Changes on template files inside volume not showing on Flask frontend

Question:

I am using a docker-compose Flask implementation with the following configuration

docker-compose:

version: '3'
services:
  dashboard:
    build:
      context: dashboard/
      args:
        APP_PORT: "8080"
    container_name: dashboard
    ports:
      - "8080:8080"
    restart: unless-stopped
    environment:
      APP_ENV: "prod"
      APP_DEBUG: "False"
      APP_PORT: "8080"
    volumes:
      - ./dashboard/:/usr/src/app

dashboard/Dockerfile:

FROM python:3.7-slim-bullseye

ENV PYTHONUNBUFFERED True

ARG APP_PORT

ENV APP_HOME /usr/src/app
WORKDIR $APP_HOME
COPY requirements.txt ./requirements.txt

RUN pip install --no-cache-dir -r requirements.txt

CMD exec gunicorn --bind :$APP_PORT --workers 1 --threads 8 --timeout 0 main:app

dashboard/main.py:

import os

from flask import Flask, render_template

app = Flask(__name__)

@app.route('/')
def index():
    return render_template('index.html')

If I apply any change to the index.html file in my host system using VSCode, these changes won’t apply when I refresh the page. However, I have tried getting into the container with docker exec -it dashboard bash and cat /usr/src/app/templates/index.html and they are reflected inside the container, since the volume is shared between the host and the container.

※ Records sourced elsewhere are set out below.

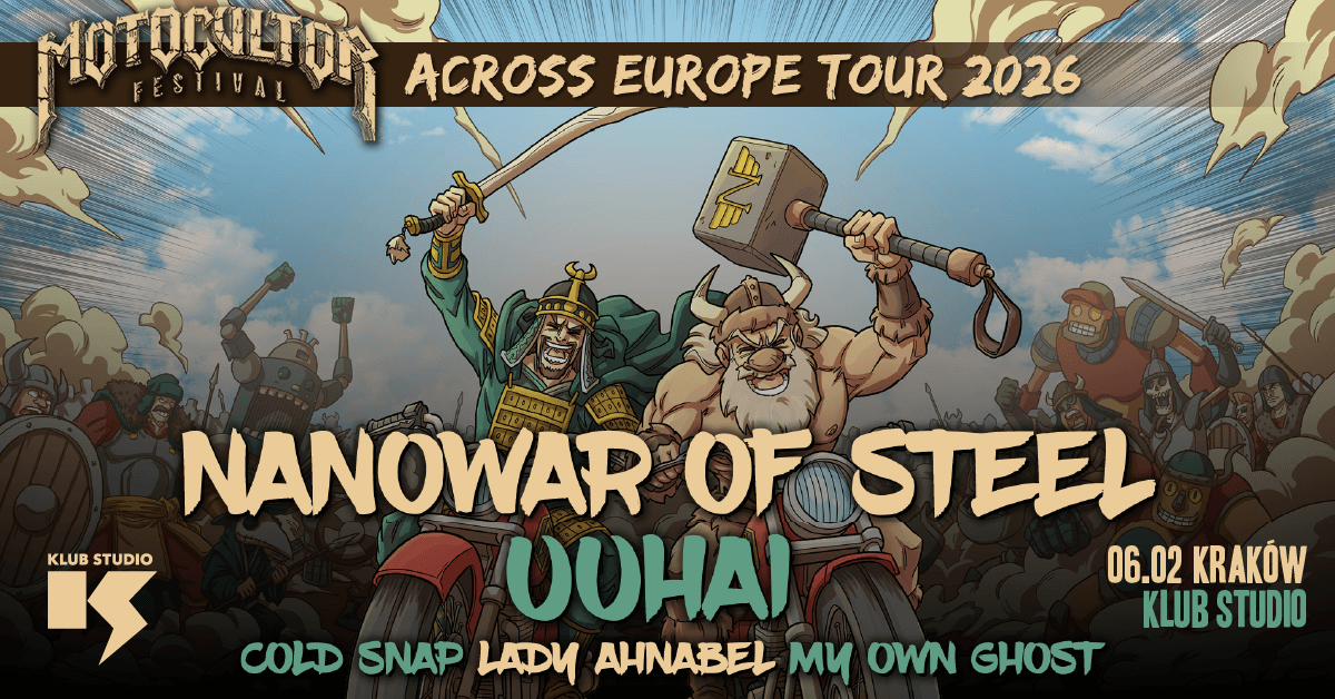 Bilety dostępne na: https://www.klubstudio.pl/koncert/X2Y52B/2026-02-06/NANOWAR-OF-STEEL-UUHAI-supports-Motocultor-Across-Europe-Tour-2026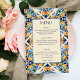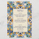 Blåfärgad och brun vintage Mexikanska talavera azulejo-plattor bröllop-menykort, handskriftsteckensnitt för avslappnad färgstarka talavera plattor vintage-menykort för ornament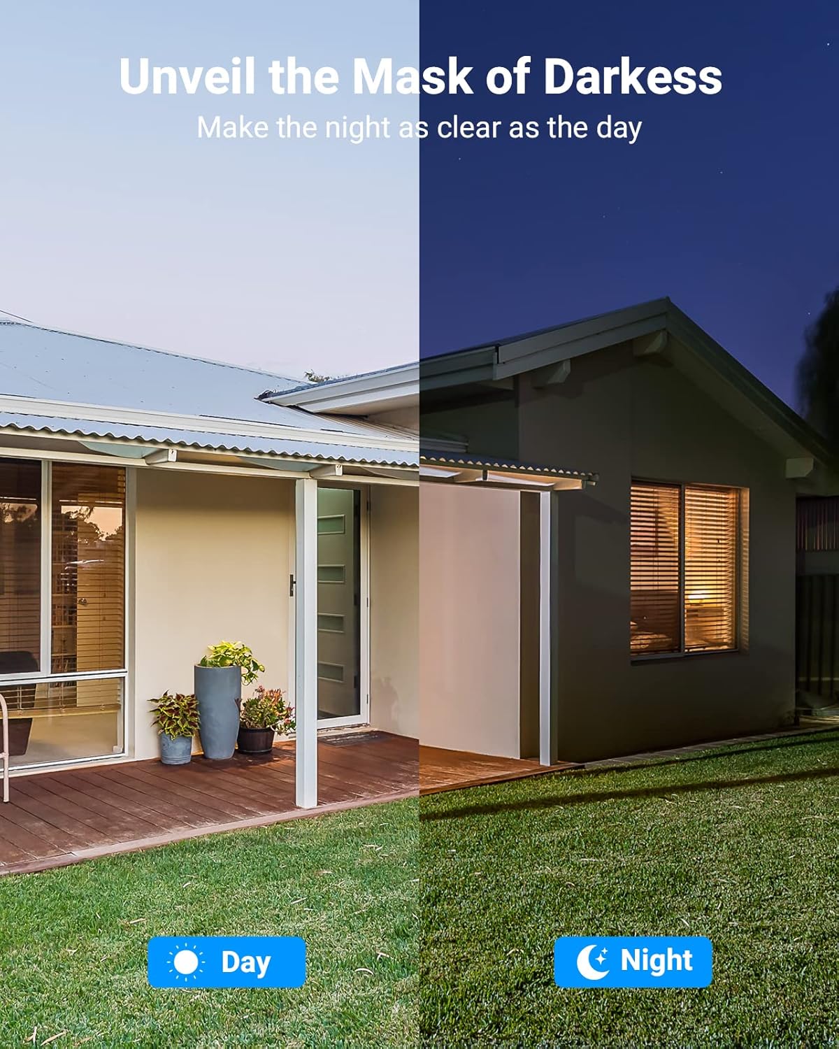 3K Cam & Built-in Mic: With 3K CMOS image sensor, the security camera brings 16:9 aspect ratio of 2960×1665@20fps HD quality and provides clearer live stream clarity. Built-in Mic is also for audio recording. Audio can also be turned off in the menu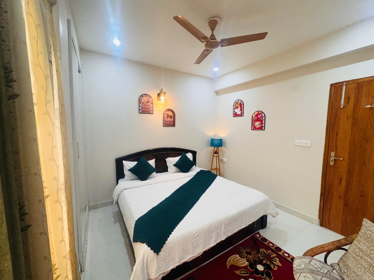 Welcome to Shrisaa Homes - A Boutique Stay, a thoughtfully designed studio apartment located in one of Vrindavan’s most popular and well-connected society. With its mix of Rajasthani charm and modern elegance, this boutique stay is perfect for couples, solo travelers, or small families looking for a unique and comfortable home in the holy city.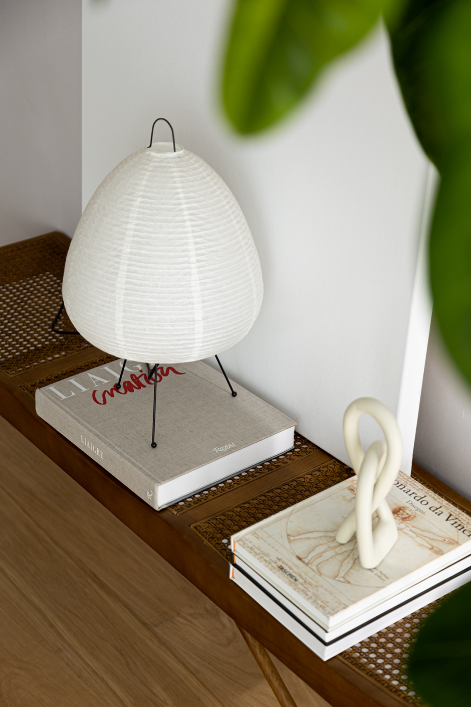 客厅采取极简公式,舒适的灰色组件沙发,侧边放置竹编落地灯,与中间的米白棉麻地毯构建起一个既温暖又充满生活气息的空间,朋友来访时,便能在此畅谈交流。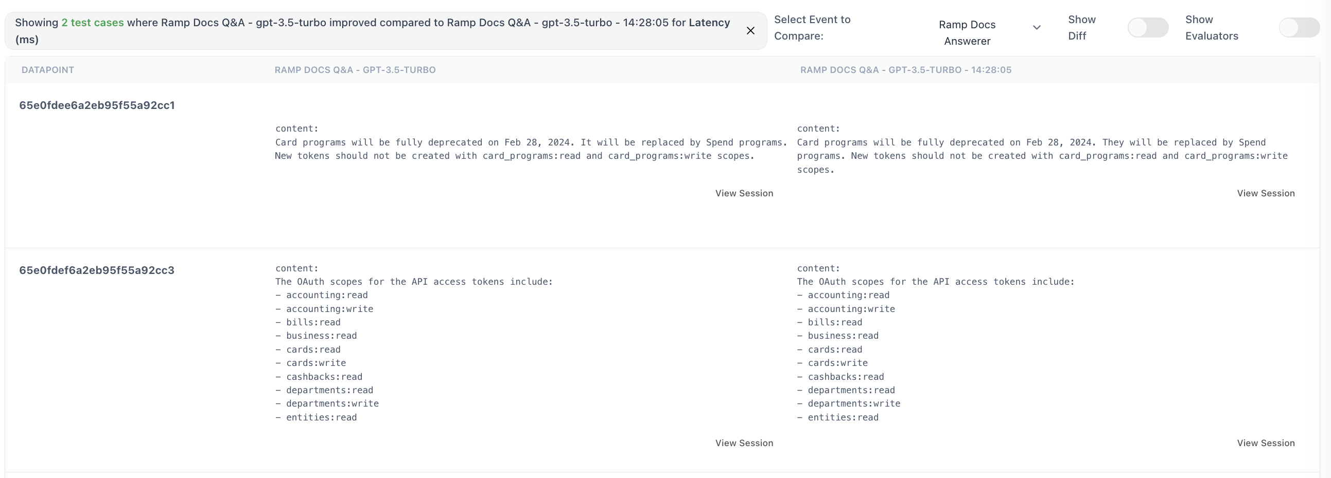 Let’s walk through the key features of the comparison view to help you effectively compare your experiments.Advanced Comparison Features

If I stop the container and run it again the changes are applied, but as I am working on frontend doing that all the time is pretty annoying.

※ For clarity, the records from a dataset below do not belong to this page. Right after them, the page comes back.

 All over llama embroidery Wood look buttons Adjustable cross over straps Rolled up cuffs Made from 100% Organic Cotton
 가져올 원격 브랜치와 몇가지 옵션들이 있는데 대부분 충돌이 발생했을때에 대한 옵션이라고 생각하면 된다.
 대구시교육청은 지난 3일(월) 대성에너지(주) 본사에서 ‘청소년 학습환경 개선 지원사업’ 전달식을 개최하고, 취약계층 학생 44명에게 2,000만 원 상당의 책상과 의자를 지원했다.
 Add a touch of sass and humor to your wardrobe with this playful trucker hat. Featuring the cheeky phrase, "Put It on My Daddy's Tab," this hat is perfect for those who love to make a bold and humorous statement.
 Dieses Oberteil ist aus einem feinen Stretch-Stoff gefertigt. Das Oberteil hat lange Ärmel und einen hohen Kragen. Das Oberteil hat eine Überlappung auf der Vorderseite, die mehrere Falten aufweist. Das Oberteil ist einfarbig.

Why the changes won’t show on the browser but they are replicated on the container?

Asked By: Luiscri

||

Answers:

You should use: TEMPLATES_AUTO_RELOAD=True

From https://flask.palletsprojects.com/en/2.0.x/config/

It appears that the templates are preloaded and won’t update until you enable this feature.

Answered By: SCcagg5

In Dockerfile you need to make a necessary modification. Right now you’re coping just requirements.txt.

WORKDIR $APP_HOME
COPY . . #you may just add necessary folders too instead coping everything 
RUN pip install --no-cache-dir -r requirements.txt

Let me know if that doesn’t work for you!